Comparing Extended-Precision Integers

  • You can also use the cmps instruction to compare multi-word integer values

  • Unlike with character strings, we cannot compare integer strings by using lexicographical ordering. When comparing strings, we compare the characters from the least significant byte to the most significant byte

  • When comparing integers, we must compare the values from the most significant byte, word, or double word down to the least significant.

        std
        lea rsi, SourceInteger[3 * 8]
        lea rdi, DestInteger[3 * 8]
        mov rcx, 4
repe cmpsq
        cld
  • This code compares the integers from their most significant qword down to the least significant qword. The cmpsq instruction finishes when the two values are unequal or upon decrementing RCX to 0.

The scas Instruction

  • The scas (scan string) instruction is used to search for a particular element within a string.

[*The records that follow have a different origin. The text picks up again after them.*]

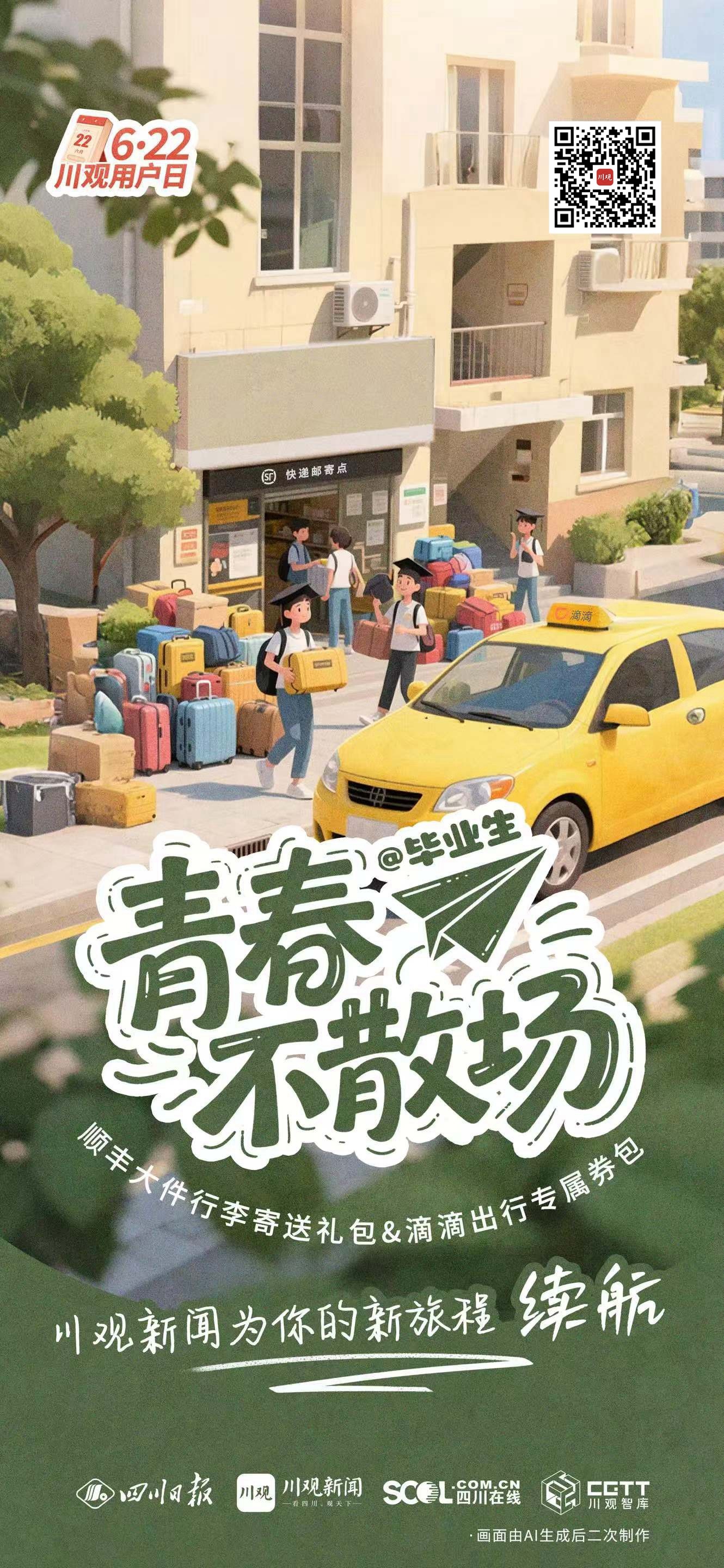 6月22日—29日,川观新闻携手顺丰、滴滴,为每一位毕业生准备了一份实用的“毕业礼包”:滴滴出行专属券包、顺丰大件行李寄送礼包——打车不心疼,也不当“搬运特种兵”,直接给你的新旅程续满能量条!
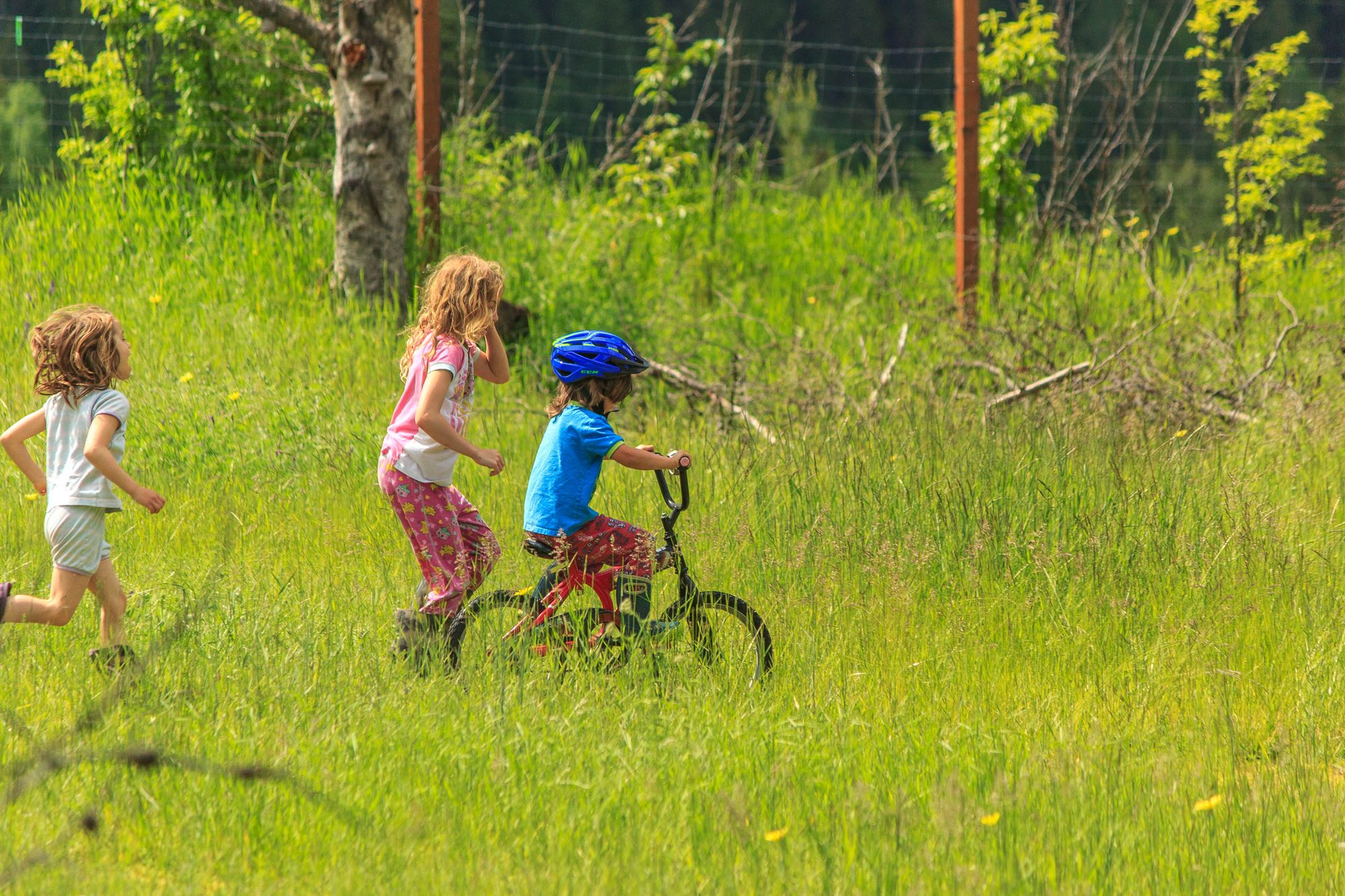 Ilian a commencé à faire du vélo 2 roues et ce, sans l'aide de papa ! Aylie a voulu lui apprendre et ils se pratiquent dans les hautes herbes de la cour pour amortir les chutes. Ilian est fier de lui !
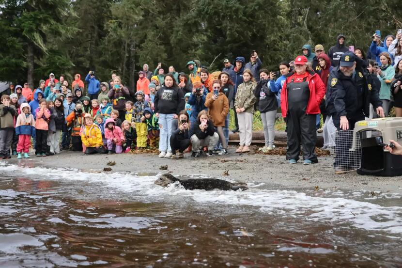 After several weeks of treatment at the Alaska SeaLife Center in Seward, that seal returned home on Oct. 23. Over a hundred people gathered at Sandy Beach to see the nearly five-month-old Bravo get released back into the wild.
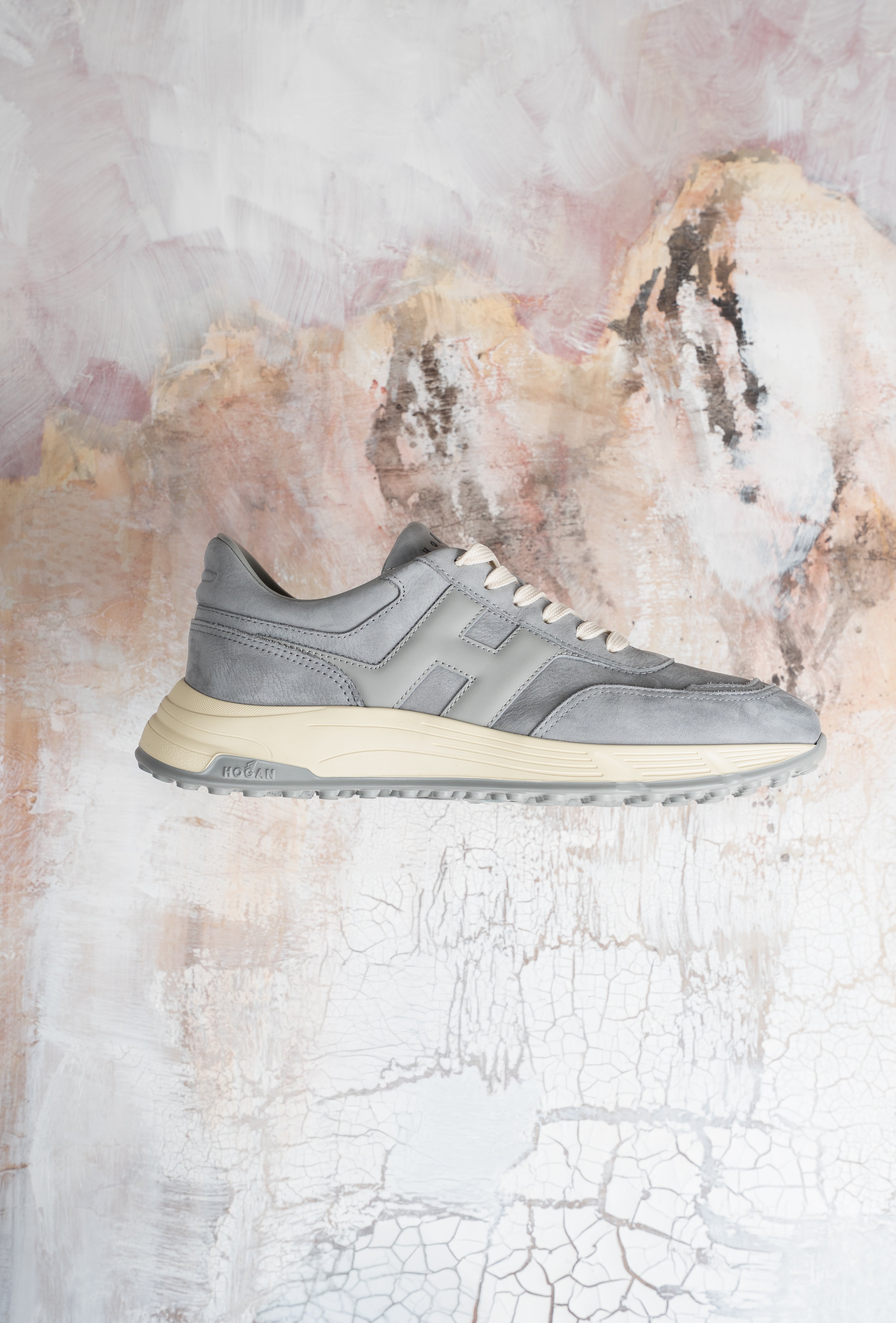 De upper is uitgevoerd in zacht suède, gecombineerd met geweven textielinserts en glad leren details. Het hot-stamped HGN86-logo verwijst subtiel naar het erfgoed van Hogan en geeft de sneaker een herkenbare, premium finishing touch.
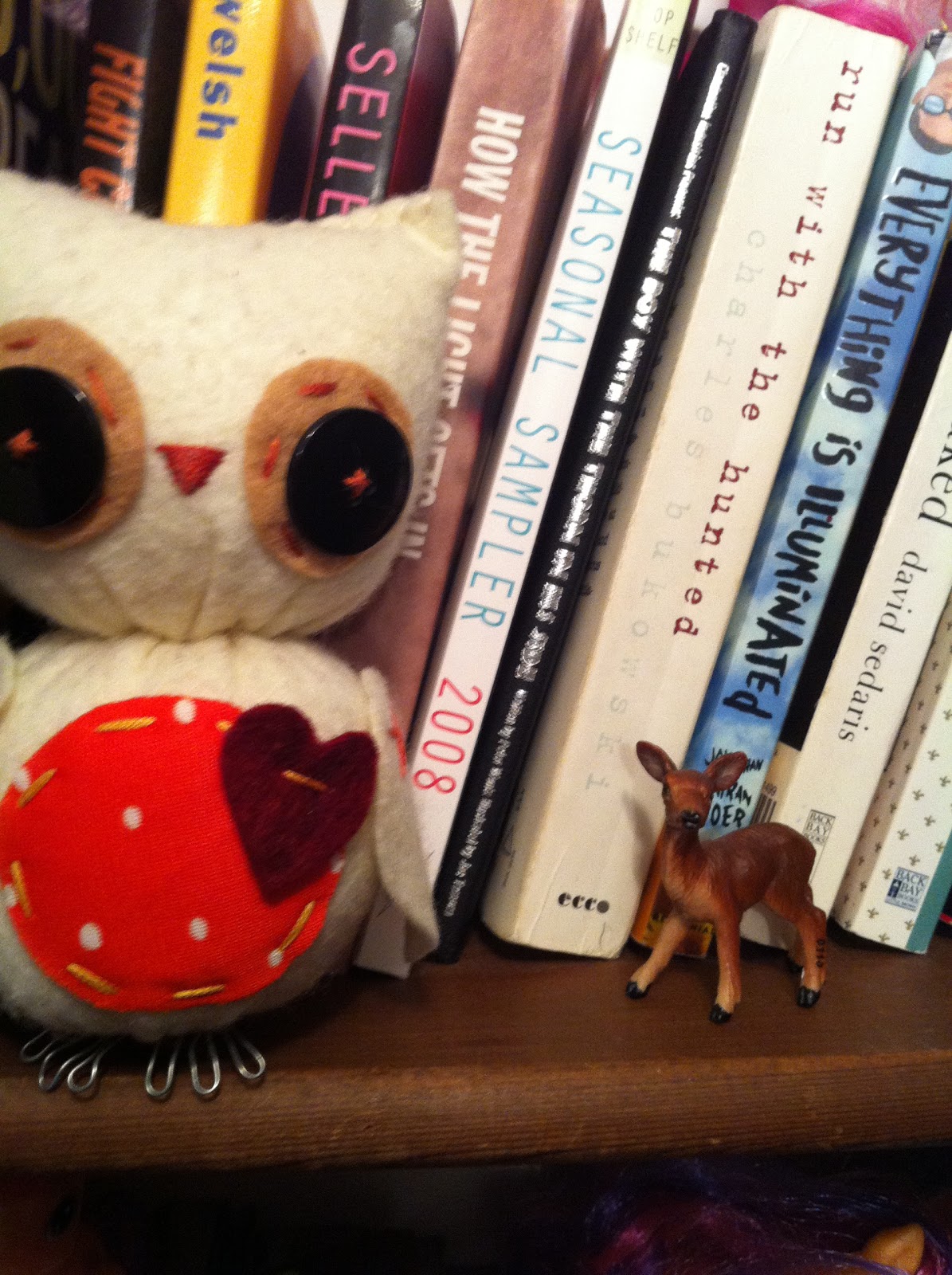 I love the little white owl. He's so tiny and sweet. The glass owl was my moms, I always thought it was an owl with eggs in her tummy. It's kinda weird.
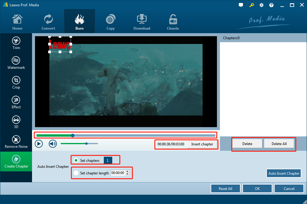 Im Abschnitt Kapitel erstellen können Sie das Kapitel einstellen wählen, um Kapitel zu erstellen, indem Sie die Nummer direkt eingeben, oder die Kapitellänge festlegen wählen, um den Wert jeder Kapitellänge einzugeben. Sie können Kapitel auch einzeln einfügen und bearbeiten, indem Sie den Schieberegler so weit ziehen, dass Sie das Kapitel erstellen möchten. Klicken Sie dann auf Kapitel einfügen, um das Kapitel zu erstellen. Wenn Sie mit dem Erstellungsergebnis des Kapitels nicht zufrieden sind, können Sie auch auf Löschen oder Alle löschen klicken, um die Kapitel zu löschen. Diese Funktion ist nur für die Ausgabe von Blu-ray verfügbar.
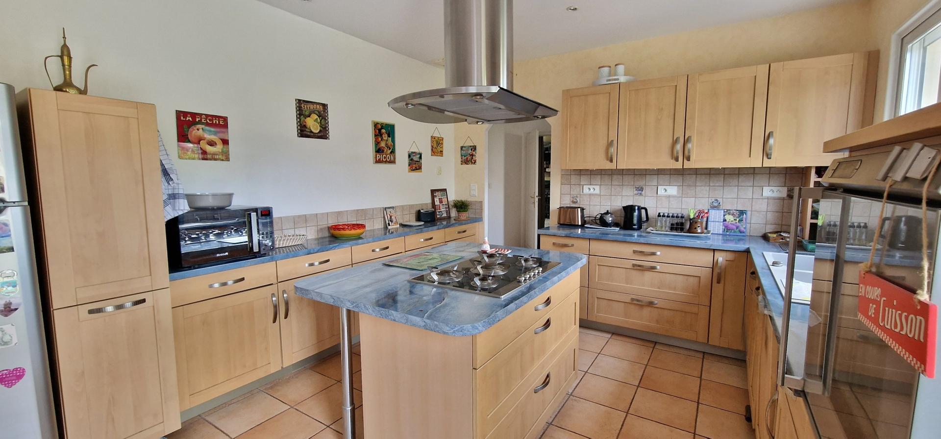 À l'intérieur, cette jolie maison construite en 2009 se compose d'une grande pièce de vie d'environ 58m2 avec cuisine ouverte aménagée et équipée, 3 grandes chambres dont une en suite d'une surface totale de 30m2 avec douche et baignoire, un bureau, un dressing, une salle de bains supplémentaire avec WC, une arrière-cuisine, un cellier, un WC séparé et un grand garage carrelé attenant.

  • Unlike the movs and cmps instructions, scas requires only a destination string (pointed at by RDI). The source operand is the value in the AL (scasb), AX (scasw), EAX (scasd), or RAX (scasq) register. The scas instruction compares the value in the accumulator (AL, AX, EAX, or RAX) against the value pointed at by RDI and then increments (or decrements) RDI by 1, 2, 4, or 8.

scasb
scasw
scasd
scasq

repe scasb
repe scasw
repe scasd
repe scasq

repne scasb
repne scasw
repne scasd
repne scasq
  • repe scas scans through the string while the value in the accumulator is equal to the string operand, and repne scas scans through the string while the accumulator is not equal to the string operand.

The stos Instruction

  • The stos instruction stores the value in the accumulator at the location specified by RDI. After storing the value, the CPU increments or decrements RDI depending on the state of the direction flag.

stosb
stosw
stosd
stosq

rep stosb
rep stosw
rep stosd
rep stosq
  • Although the stos instruction has many uses, its primary use is to initialize arrays and strings to a constant value. . For example, if you have a 256-byte array that you want to clear out with 0s

        cld
        lea rdi, DestArray
        mov rcx, 32 ; 32 quad words = 256 bytes
        xor rax, rax ; Zero out RAX
rep stosq
  • The stosb instruction stores the value in the AL register into the specified memory location(s), stosw stores the AX register into the specified memory location(s), stosd stores EAX into the specified location(s), and stosq stores RAX into the specified location(s). With the rep prefix, this process repeats the number of times specified by the RCX register.

The lods Instruction

  • The lods instruction copies the byte, word, double word, or quad word pointed at by RSI into the AL, AX, EAX, or RAX register, after which it increments or decrements the RSI register by 1, 2, 4, or 8.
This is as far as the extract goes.